The methylation level of LINE-1 was measured in DNA derived from peripheral blood, urinary exfoliated cells and cancerous tissues. The percentage of LINE-1 methylation in the peripheral blood cells from the BCa patients was significantly lower than that of the healthy controls (P = 0.001) (Fig. 2A). Likewise, the LINE-1 methylation levels in the urinary exfoliated cells from the BCa patients were significantly lower than those of the healthy controls (P = 0.044) (Fig. 2B). The LINE-1 methylation levels in the BCa cancerous tissues were significantly lower than those in the urinary exfoliated cells of the BCa (P = 0.038) and healthy (P = 0.001) subjects (Fig. 2B). The percentage of uCuC loci in the peripheral blood cells and urinary exfoliated cells of the BCa patients was significantly greater than the controls (P = 0.013 and <0.001, respectively) (Fig. 2C and 2D). The number of mCuC loci from the urinary exfoliated cells of the BCa patients was significantly lower than that of the controls (P = 0.006), but the levels of mCuC loci in the peripheral blood cells from the BCa and healthy groups were not different (P = 0.133) (Figure S1). These data confirmed the presence of LINE-1 hypomethylation in bladder cancer and showed similar results to those previously reported for oral cancer [26] that demonstrated the specificity of uCuC loci to cancer DNA.

Figure 2

The LINE-1 methylation and uCuC levels compared between the BCa and healthy groups.

A: The percentage of LINE-1 methylation levels in the peripheral blood DNA from BCa patients (n = 61) was significantly lower than that from the healthy controls (n = 45). B: The LINE-1 methylation levels in the DNA derived from the urinary exfoliated cells from BCa patients (n = 30) were significantly decreased relative to those from the healthy controls (n = 14). The LINE-1 methylation levels in the cancerous tissues (n = 14) were significantly lower than the LINE-1 methylation levels in the urinary exfoliated cells from both BCa and healthy subjects. C: The uCuC levels in the peripheral blood DNA from BCa patients were significantly higher than those from the healthy controls. D: The uCuC levels in the urinary exfoliated cells of BCa patients were significantly increased compared to those from the healthy controls. The cancerous tissue uCuC levels were not significantly different from the uCuC levels from the BCa urinary exfoliated cells (P = 0.721), but they were significantly higher than those from the urinary exfoliated cells of healthy controls.

The determinations of the urinary TAS and plasma protein carbonyl content were performed in both healthy and BCa groups. A significant reduction in the urinary TAS level in the BCA patients relative to the healthy controls was observed (P<0.001) (Fig. 3A). The plasma protein carbonyl content in the BCa patients was significantly higher than that in healthy controls (P<0.001) (Fig. 3B). Our findings indicated an increase in the oxidative stress in the BCa patients.

Figure 3

The oxidative stress biomarkers in patients with BCa.

A: The level of urinary TAS in the BCa patients was significantly lower than that in the healthy controls. B: The level of the plasma protein carbonyl content in the BCa patients was significantly greater than that from the healthy controls.

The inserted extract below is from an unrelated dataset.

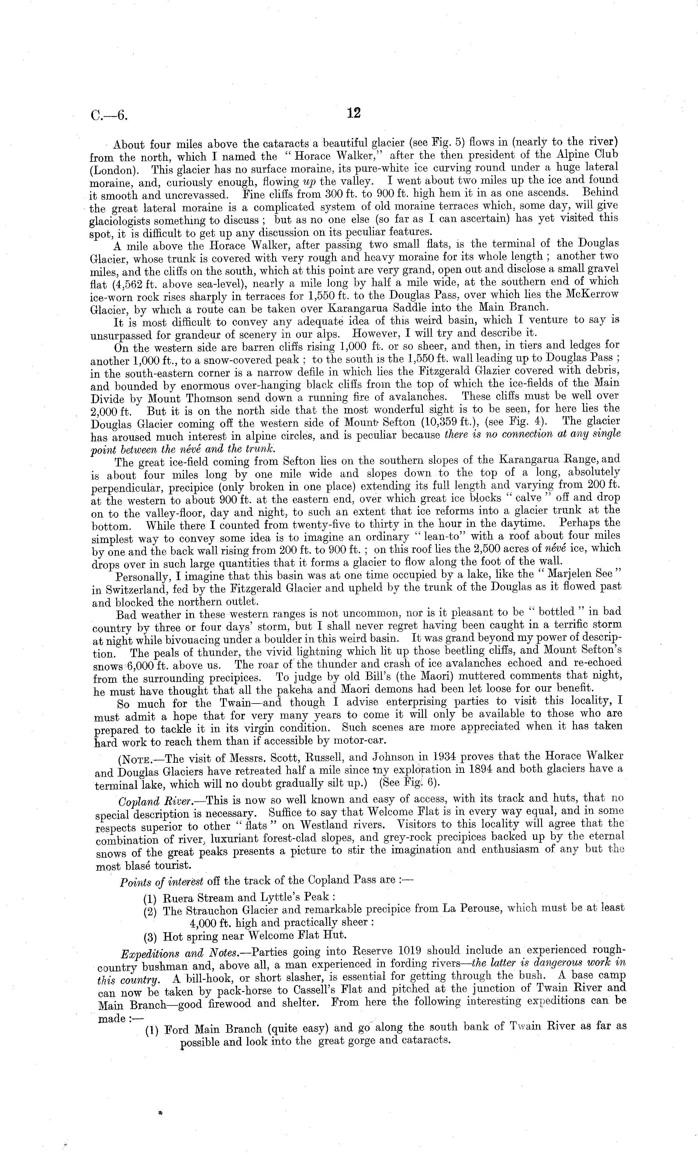 About four miles above the cataracts a beautiful glacier (see Fig. 5) flows in (nearly to the river) from the north, which I named the " Horace Walker," after the then president of the Alpine Club (London). This glacier has no surface moraine, its pure-white ice curving round under a huge lateral moraine, and, curiously enough, flowing up the valley. I went about two miles up the ice and found it smooth and uncrevassed. Fine cliffs from 300 ft. to 900 ft. high hem it in as one ascends. Behind the great lateral moraine is a complicated system of old moraine terraces which, some day, will give glaciologists something to discuss ; but as no one else (so far as I can ascertain) has yet visited this spot, it is difficult to get up any discussion on its peculiar features. A mile above the Horace Walker, after passing two small flats, is the terminal of the Douglas Glacier, whose trunk is covered with very rough and heavy moraine for its whole length ; another two miles, and the cliffs on the south, which at this point are very grand, open out and disclose a small gravel flat (4,562 ft. above sea-level), nearly a mile long by half a mile wide, at the southern end of which ice-worn rock rises sharply in terraces for 1,550 ft. to the Douglas Pass, over which lies the McKerrow Glacier, by which a route can be taken over Karangarua Saddle into the Main Branch. It is most difficult to convey any adequate idea of this weird basin, which I venture to say is unsurpassed for grandeur of scenery in our alps. However, I will try and describe it. On the western side are barren cliffs rising 1,000 ft. or so sheer, and then, in tiers and ledges for another 1,000 ft., to a snow-covered peak ; to the south is the 1,550 ft. wall leading up to Douglas Pass ; in the south-eastern corner is a narrow defile in which lies the Fitzgerald Glazier covered with debris, and bounded by enormous over-hanging black cliffs from the top of which the ice-fields of the Main Divide by Mount Thomson send down a running fire of avalanches. These cliffs must be well over 2,000 ft. But it is on the north side that the most wonderful sight is to be seen, for here lies the Douglas Glacier coming off the western side of Mount- Sefton (10,359 ft.), (see Fig. 4). The glacier has aroused much interest in alpine circles, and is peculiar because there is no connection at any single point between the neve and the trunk. The great ice-field coming from Sefton lies on the southern slopes of the Karangarua Range, and is about four miles long by one mile wide and slopes down to the top of a long, absolutely perpendicular, precipice (only broken in one place) extending its full length and varying from 200 ft. at the western to about 900 ft. at the eastern end, over which great ice blocks " calve " off and drop on to the valley-floor, day and night, to such an extent that ice reforms into a glacier trunk at the bottom. While there I counted from twenty-five to thirty in the hour in the daytime. Perhaps the simplest way to convey some idea is to imagine an ordinary " lean-to" with a roof about four miles by one and the back wall rising from 200 ft. to 900 ft. ; on this roof lies the 2,500 acres of neve ice, which drops over in such large quantities that it forms a glacier to flow along the foot of the wall. Personally, I imagine that this basin was at one time occupied by a lake, like the " Marjelen See " in Switzerland, fed by the Fitzgerald Glacier and upheld by the trunk of the Douglas as it flowed past and blocked the northern outlet. Bad weather in these western ranges is not uncommon, nor is it pleasant to be " bottled " in bad country by three or four days' storm, but I shall never regret having been caught in a terrific storm at night while bivouacing under a boulder in this weird basin. It was grand beyond my power of description. The peals of thunder, the vivid lightning which lit up those beetling cliffs, and Mount Sefton's snows 6,000 ft. above us. The roar of the thunder and crash of ice avalanches echoed and re-echoed from the surrounding precipices. To judge by old Bill's (the Maori) muttered comments that night, he must have thought that all the pakeha and Maori demons had been let loose for our benefit. So much for the Twain—and though I advise enterprising parties to visit this locality, I must admit a hope that for very many years to come it will only be available to those who are prepared to tackle it in its virgin condition. Such scenes are more appreciated when it has taken hard work to reach them than if accessible by motor-car. (Note.— The visit of Messrs. Scott, Russell, and Johnson in 1934 proves that the Horace Walker and Douglas Glaciers have retreated half a mile since my exploration in 1894 and both glaciers have a terminal lake, which will no doubt gradually silt up.) (See Fig. 6). Copland River. —This is now so well known and easy of access, with its track and huts, that no special description is necessary. Suffice to say that Welcome Flat is in every way equal, and in some respects superior to other " flats " on Westland rivers. Visitors to this locality will agree that the combination of river, luxuriant forest-clad slopes, and grey-rock precipices backed up by the eternal snows of the great peaks presents a picture to stir the imagination and enthusiasm of any but the most blase tourist. Points of interest off the track of the Copland Pass are : — (1) Ruera Stream and Lyttle's Peak : (2) The Strauchon Glacier and remarkable precipice from La Perouse, which must be at least 4,000 ft. high and practically sheer : (3) Hot spring near Welcome Flat Hut. Expeditions and Notes.— Parties going into Reserve 1019 should include an experienced roughcountry bushman and, above all, a man experienced in fording rivers— the latter is dangerous work in this country. A bill-hook, or short slasher, is essential for getting through the bush. A base camp can now be taken by pack-horse to Cassell's Flat and pitched at the

In the BCa patients, we found a strong, positive and linear correlation between the urinary TAS and LINE-1 methylation in circulating blood cells (regression coefficient = 8.017) (r = 0.618, P<0.001) (Fig. 4A). Moreover, a significant positive correlation between the urinary TAS and cancerous tissue LINE-1 methylation levels was observed (regression coefficient = 5.519) (r = 0.567, P = 0.034) (Fig. 4B). Interestingly, we also found a positive correlation between the urinary TAS and the level of LINE-1 methylation in the peripheral blood cells of the healthy individuals (regression coefficient = 8.937) (r = 0.469, P = 0.001) (Fig. 4C). The correlations between urinary TAS and the other patterns of LINE-1 methylation (mCmC, uCuC, uCmC and mCuC) were evaluated (Figure S2). The significant inverse correlations between urinary TAS and the uCuC levels in BCa peripheral blood cells (r = −0.440, P = 0.001), BCa cancerous tissues (r = −0.440, P = 0.001) and peripheral blood cells of healthy controls (r = −0.315, P = 0.035) were observed.

Figure 4

A univariate correlation analysis between the levels of urinary TAS and LINE-1 methylation.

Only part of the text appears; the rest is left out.